Insights on “A Philosophy of Software Design” by John Ousterhout

Have you ever wondered what constitutes good software design? John Ousterhout points out that there’s no universal agreement on this.

What then is the most pivotal idea or concept in all of computer science? Here are some options, and feel free to add your own before proceeding:

  • Abstraction
  • Testing
  • Composition
  • Complexity
  • Layers of Abstraction - by Dan Canough

Consider your own approach to complex problems: Professor Ousterhout suggests that the key lies in Problem Decomposition, which involves dividing a complex problem into more manageable pieces.

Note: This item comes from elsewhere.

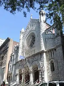 The elaborate midblock church, located on 107th Street between Amsterdam Avenue and Broadway, has an attached parish house, both designed in the Sicilian Romanesque of the Norman and Byzantine hybrid style and built between 1896 and 1897 to the designs by the American of German descent Roman Catholic church-building architectural firm of Schickel & Ditmars.[1] The parish has a four-storey brick and stone parochial school built by P. J. Brennan & Son, builders, in 1911 to designs by architect F. A. de Meuron of 31 East 27th Street for $120,000.[2] A five-storey brick dwelling house was erected at 218 West 108th Street in 1927 to the designs by architect Robert J. Reilly of 12 E 41st Street for $100,000.[2] The church was renovated in 1939.[1]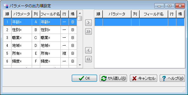 左側の設定前パラメータリストのパラメータ上から順番に、右側の設定済みパラメータリストに移動します。

Complexity is the primary problem, and our main task is to minimize it.

This concept is crucial, yet it is not sufficiently taught. How can we effectively teach this, so anyone can become a better developer? The answer lies in practice.

As a developer, what do you think is the best way to practice and enhance your skills?

Iteration. Write. Review. Rewrite. Restart.

In his video, which is linked at the end, Professor Ousterhout provides a detailed overview of his teaching process. However, this article focuses on his software design ideas.

Software design

What are the Secrets of Software Design?

  • Magic Trick: Red Flags
  • Minimize Complexity: Deep Classes and Information Hiding
  • Define Errors Out of Existence
  • Mindset: Tactical vs. Strategic Programming

Magic Trick: Red Flags

The principles above are abstract, especially for beginners. If unsure about good design, use red flags as a guide. When you spot bad code and manage to move away from it, you likely end up in a better position than before.

Even if Professor Ousterhout doesn’t talk about specific red flags in his video, I’ll share some of them from his book:

  • Shallow Module (class, function, etc.) when the is interface is more complex than the implementation.
  • Information Leakage when the same knowledge is repeated in multiple places.
  • Temporal Decomposition when the structure of the code reflects the execution order.
  • Overexposure when the API forces the user to learn about other rarely used features.
  • Pass-through Methods when a method just calls another method without adding any value.
  • Repetition when the same code is repeated in multiple places.
  • Special-General Mixture when a general-purpose module contains special-purpose code.
  • Conjoined Methods when to understand a method you need to understand another method.
  • Comment Repeats Code when the comment repeats the code.
  • Implementation Documentation Contaminates Interface when the implementation details are exposed in the interface documentation.
  • Vague Name when a variable, function, or class name is broad enough to refer to multiple things.
  • Hard to Pick Name when it’s hard to pick a name for a variable, function, or class, it’s a hint that the design is not good.
  • Hard to Describe when it’s hard to describe what a variable, function, or class does, that an indicator that there might be a problem with the design.
  • Nonobvious Code if the meaning and behavior of code cannot be understood with a quick reading.

Deep class

Minimize Complexity: Deep Classes and Information Hiding

The principle of information hiding, first introduced by David Parnas in his paper “On the Criteria to be Used in Decomposing Systems into Modules,” is pivotal in software design. We’ll examine this concept through the lens of ‘deep classes.’

Imagine a class as a rectangle, divided into two sections. The upper section symbolizes the interface, encompassing all the knowledge necessary to use the class, including public methods, side effects, performance implications, dependencies, and other behaviors that might affect how the class is used. This segment represents the ‘complexity cost.’

The lower section of the rectangle embodies the class implementation.

The goal is to achieve maximum functionality with minimal complexity cost, which means a streamlined interface that masks a wealth of functionality.

In contrast, consider a ‘Shallow Class.’ This exaggerated example illustrates its limited utility:

private void addNullValueForAttribute(String attribute) { 
  data.put(attribute, null); 

To use this method, one must grasp its entire implementation, which is trivial. Directly using the implementation is more straightforward:

  data.put(attribute, null); 

A ‘Deep Class’ offers an elegant way of thinking about abstraction, presenting a simple interface while concealing complex operations beneath.

This concept is applicable not only to classes but also to methods, modules, and any construct with distinct interface and implementation layers.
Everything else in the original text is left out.